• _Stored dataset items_
______________________________
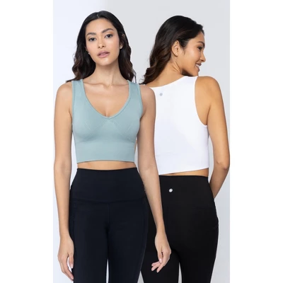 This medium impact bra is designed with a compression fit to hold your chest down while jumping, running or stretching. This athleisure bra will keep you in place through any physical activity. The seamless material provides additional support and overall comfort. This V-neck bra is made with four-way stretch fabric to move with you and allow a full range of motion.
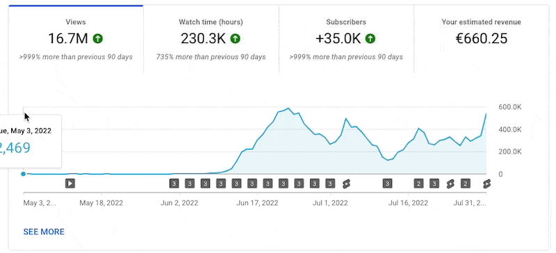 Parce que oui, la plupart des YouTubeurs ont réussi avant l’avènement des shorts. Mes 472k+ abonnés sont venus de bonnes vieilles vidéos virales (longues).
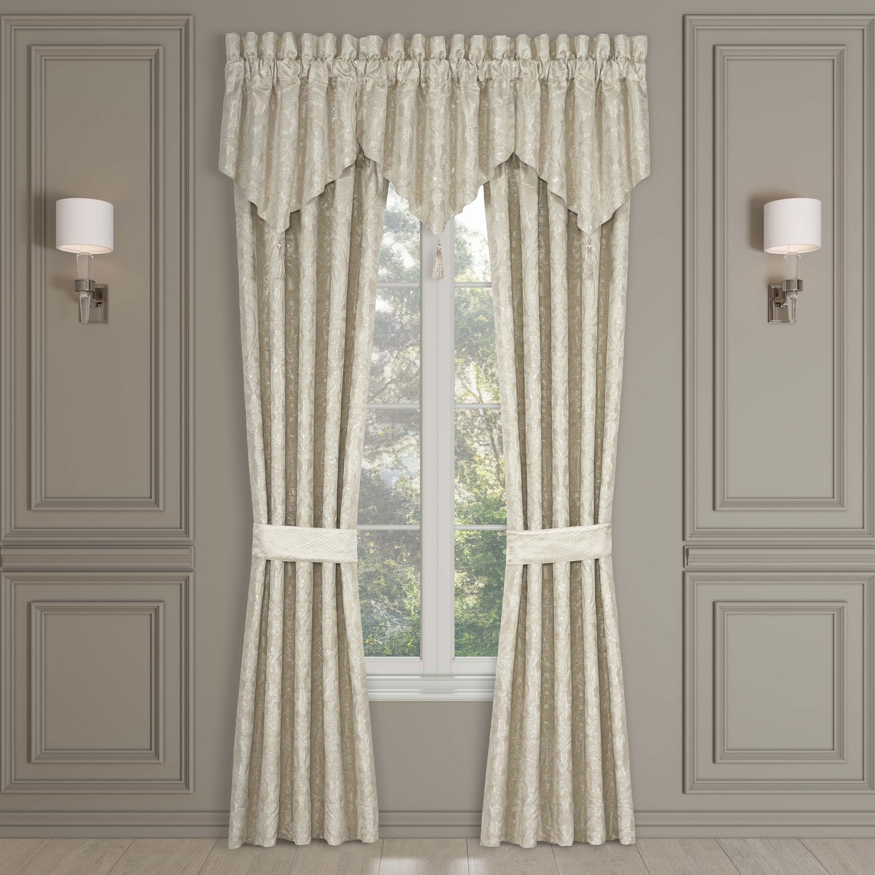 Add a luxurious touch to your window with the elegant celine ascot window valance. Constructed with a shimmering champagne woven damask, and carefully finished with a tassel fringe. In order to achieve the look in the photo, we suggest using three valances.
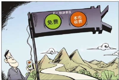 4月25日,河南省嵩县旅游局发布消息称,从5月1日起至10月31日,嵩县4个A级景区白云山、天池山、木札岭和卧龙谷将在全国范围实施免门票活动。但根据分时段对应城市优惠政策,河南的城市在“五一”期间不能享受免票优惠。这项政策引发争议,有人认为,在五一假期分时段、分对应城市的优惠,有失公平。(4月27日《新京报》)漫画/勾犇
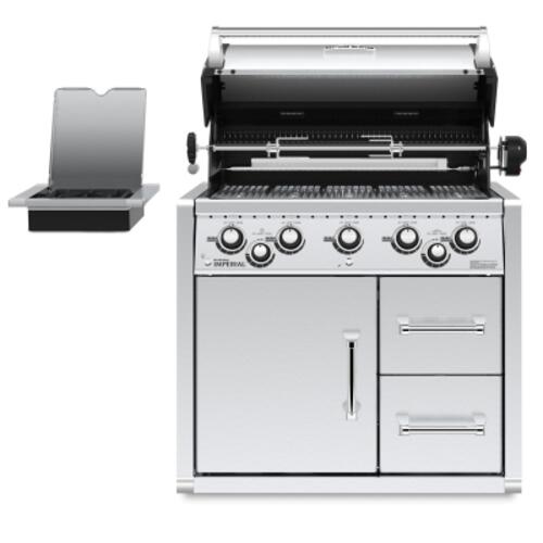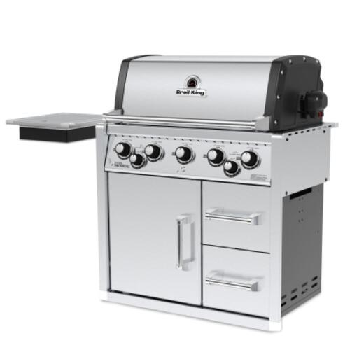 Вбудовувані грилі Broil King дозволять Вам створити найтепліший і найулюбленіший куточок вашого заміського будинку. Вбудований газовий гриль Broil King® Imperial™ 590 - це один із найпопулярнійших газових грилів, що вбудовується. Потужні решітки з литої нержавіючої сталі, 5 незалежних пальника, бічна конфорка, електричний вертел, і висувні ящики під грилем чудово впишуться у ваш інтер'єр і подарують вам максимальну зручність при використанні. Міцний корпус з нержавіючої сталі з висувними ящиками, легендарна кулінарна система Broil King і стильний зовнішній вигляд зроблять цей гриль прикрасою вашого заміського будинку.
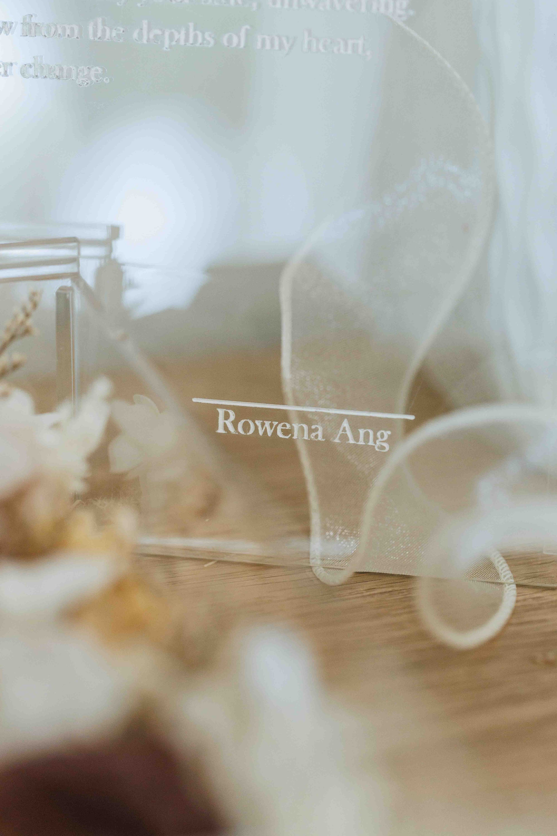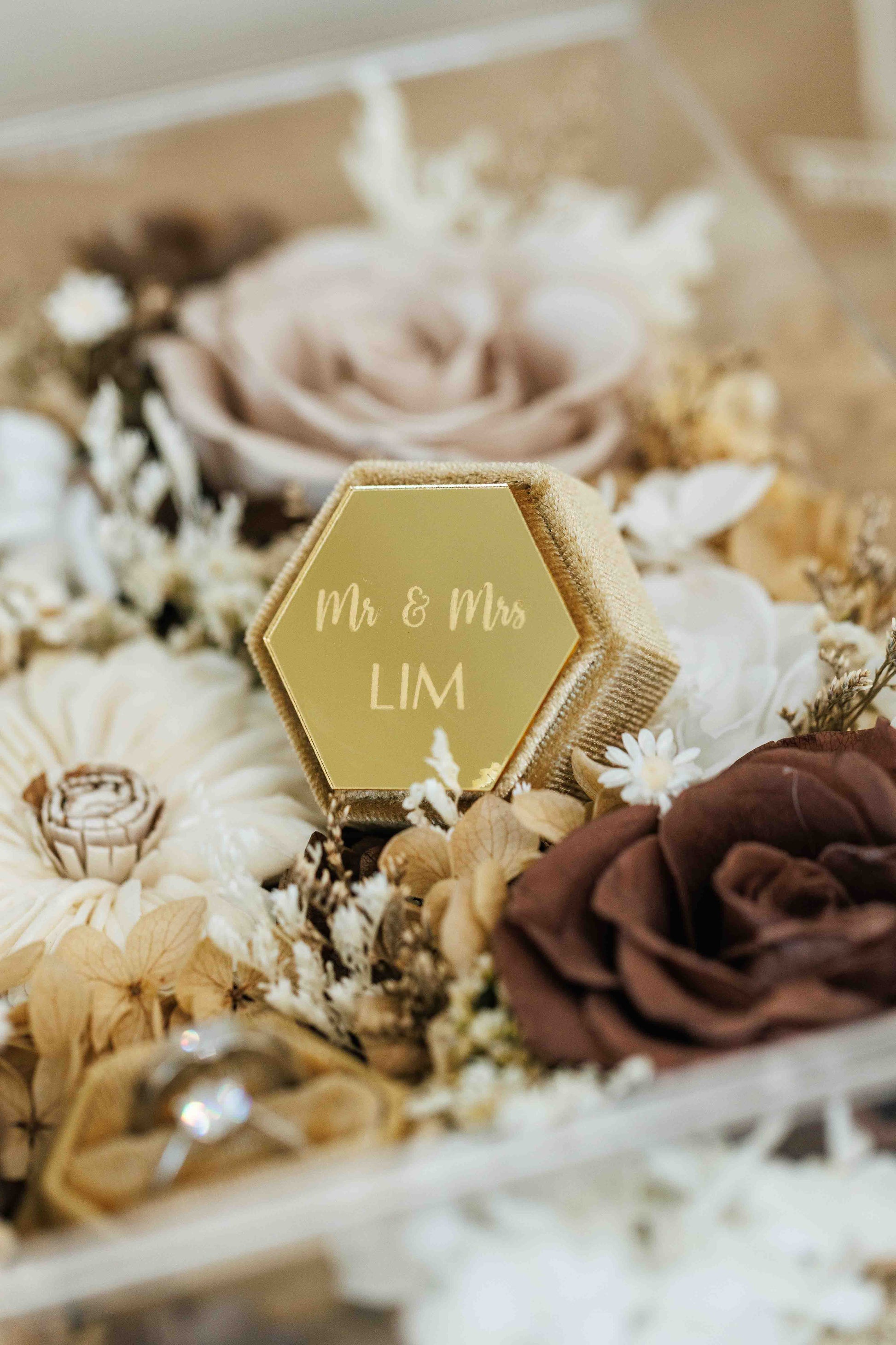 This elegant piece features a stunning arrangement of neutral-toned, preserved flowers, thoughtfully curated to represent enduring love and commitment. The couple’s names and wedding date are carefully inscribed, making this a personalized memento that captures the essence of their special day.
______________________________
• _TASK TO CARRY OUT_
Give the preceding data back exactly, minus every picture.

• _EXERCISE RESPONSE_
 This medium impact bra is designed with a compression fit to hold your chest down while jumping, running or stretching. This athleisure bra will keep you in place through any physical activity. The seamless material provides additional support and overall comfort. This V-neck bra is made with four-way stretch fabric to move with you and allow a full range of motion.
 Parce que oui, la plupart des YouTubeurs ont réussi avant l’avènement des shorts. Mes 472k+ abonnés sont venus de bonnes vieilles vidéos virales (longues).
 Add a luxurious touch to your window with the elegant celine ascot window valance. Constructed with a shimmering champagne woven damask, and carefully finished with a tassel fringe. In order to achieve the look in the photo, we suggest using three valances.
 4月25日,河南省嵩县旅游局发布消息称,从5月1日起至10月31日,嵩县4个A级景区白云山、天池山、木札岭和卧龙谷将在全国范围实施免门票活动。但根据分时段对应城市优惠政策,河南的城市在“五一”期间不能享受免票优惠。这项政策引发争议,有人认为,在五一假期分时段、分对应城市的优惠,有失公平。(4月27日《新京报》)漫画/勾犇
 Вбудовувані грилі Broil King дозволять Вам створити найтепліший і найулюбленіший куточок вашого заміського будинку. Вбудований газовий гриль Broil King® Imperial™ 590 - це один із найпопулярнійших газових грилів, що вбудовується. Потужні решітки з литої нержавіючої сталі, 5 незалежних пальника, бічна конфорка, електричний вертел, і висувні ящики під грилем чудово впишуться у ваш інтер'єр і подарують вам максимальну зручність при використанні. Міцний корпус з нержавіючої сталі з висувними ящиками, легендарна кулінарна система Broil King і стильний зовнішній вигляд зроблять цей гриль прикрасою вашого заміського будинку.
 This elegant piece features a stunning arrangement of neutral-toned, preserved flowers, thoughtfully curated to represent enduring love and commitment. The couple’s names and wedding date are carefully inscribed, making this a personalized memento that captures the essence of their special day.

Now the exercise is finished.